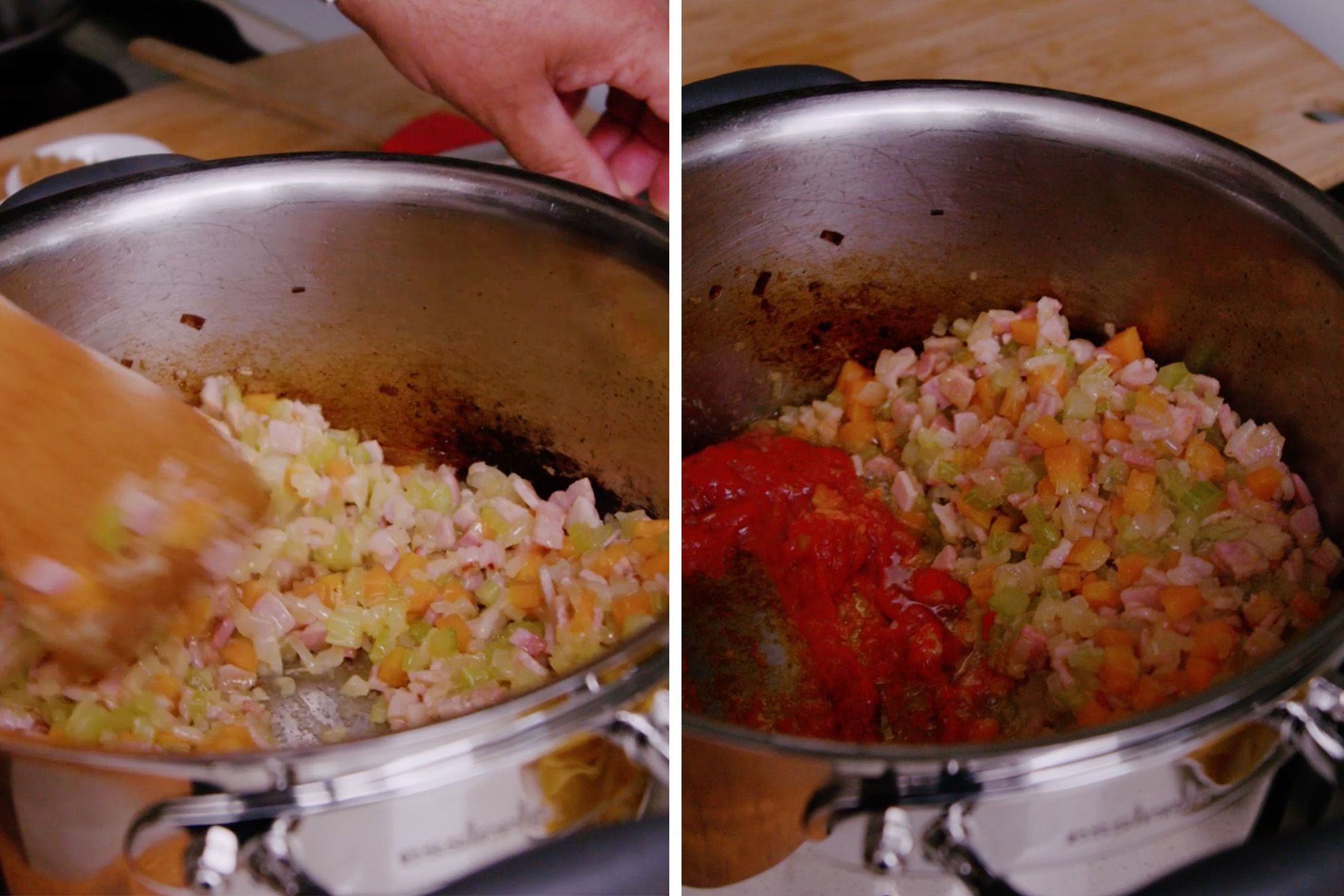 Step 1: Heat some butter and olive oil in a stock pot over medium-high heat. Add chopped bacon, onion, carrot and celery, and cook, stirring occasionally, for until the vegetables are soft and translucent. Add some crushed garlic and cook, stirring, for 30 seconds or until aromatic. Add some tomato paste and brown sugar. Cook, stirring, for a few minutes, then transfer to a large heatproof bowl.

————————

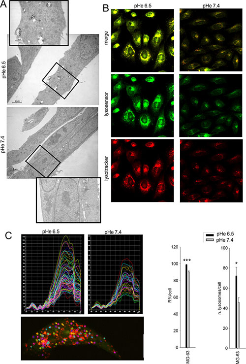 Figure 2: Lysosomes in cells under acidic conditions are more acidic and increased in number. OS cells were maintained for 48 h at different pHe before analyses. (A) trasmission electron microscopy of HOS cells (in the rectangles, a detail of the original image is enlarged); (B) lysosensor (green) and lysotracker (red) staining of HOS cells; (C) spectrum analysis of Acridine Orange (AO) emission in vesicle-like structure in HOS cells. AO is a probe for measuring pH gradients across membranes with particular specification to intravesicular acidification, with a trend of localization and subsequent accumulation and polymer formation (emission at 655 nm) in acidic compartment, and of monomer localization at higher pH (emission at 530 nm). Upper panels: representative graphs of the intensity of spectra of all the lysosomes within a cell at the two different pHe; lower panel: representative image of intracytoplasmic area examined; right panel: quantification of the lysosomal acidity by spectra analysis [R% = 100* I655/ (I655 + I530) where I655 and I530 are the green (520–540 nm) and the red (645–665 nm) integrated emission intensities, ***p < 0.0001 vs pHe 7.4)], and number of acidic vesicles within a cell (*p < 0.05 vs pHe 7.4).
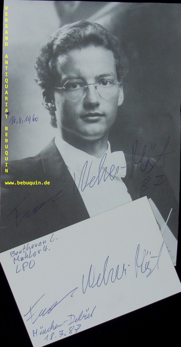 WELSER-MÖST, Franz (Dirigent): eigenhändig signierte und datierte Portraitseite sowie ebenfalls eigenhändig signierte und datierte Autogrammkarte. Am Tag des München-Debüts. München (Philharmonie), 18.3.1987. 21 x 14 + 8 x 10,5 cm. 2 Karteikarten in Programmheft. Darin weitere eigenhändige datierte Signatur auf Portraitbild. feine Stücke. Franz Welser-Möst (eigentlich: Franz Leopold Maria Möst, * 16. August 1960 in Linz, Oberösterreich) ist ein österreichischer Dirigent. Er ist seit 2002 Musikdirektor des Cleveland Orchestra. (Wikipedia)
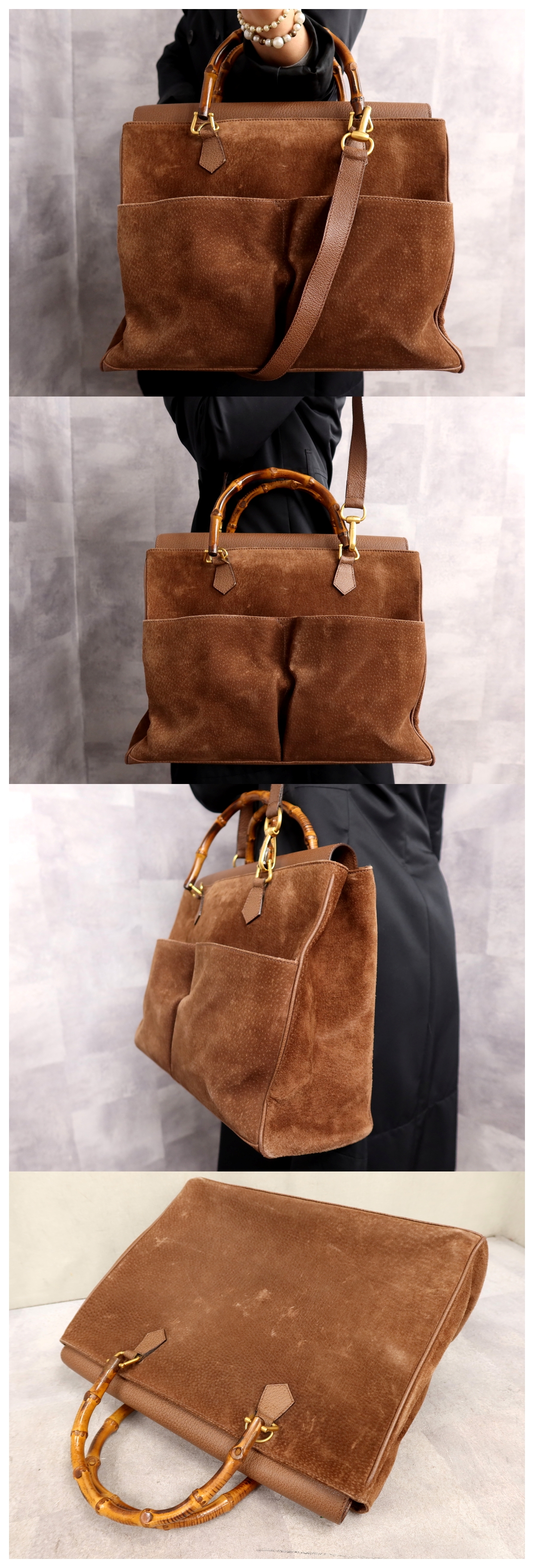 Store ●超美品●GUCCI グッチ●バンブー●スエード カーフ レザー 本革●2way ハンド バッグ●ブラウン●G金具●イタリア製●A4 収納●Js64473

————————

REQUIREMENT: Reproduce the data above exactly, but only from the line containing "WELSER-MÖST, Franz (Dirigent): eigenhändig" through the line containing "Store ●超美品●GUCCI グッチ●バンブー●スエード"; skip the pictures.

WRITTEN REPLY:
 WELSER-MÖST, Franz (Dirigent): eigenhändig signierte und datierte Portraitseite sowie ebenfalls eigenhändig signierte und datierte Autogrammkarte. Am Tag des München-Debüts. München (Philharmonie), 18.3.1987. 21 x 14 + 8 x 10,5 cm. 2 Karteikarten in Programmheft. Darin weitere eigenhändige datierte Signatur auf Portraitbild. feine Stücke. Franz Welser-Möst (eigentlich: Franz Leopold Maria Möst, * 16. August 1960 in Linz, Oberösterreich) ist ein österreichischer Dirigent. Er ist seit 2002 Musikdirektor des Cleveland Orchestra. (Wikipedia)
 Store ●超美品●GUCCI グッチ●バンブー●スエード カーフ レザー 本革●2way ハンド バッグ●ブラウン●G金具●イタリア製●A4 収納●Js64473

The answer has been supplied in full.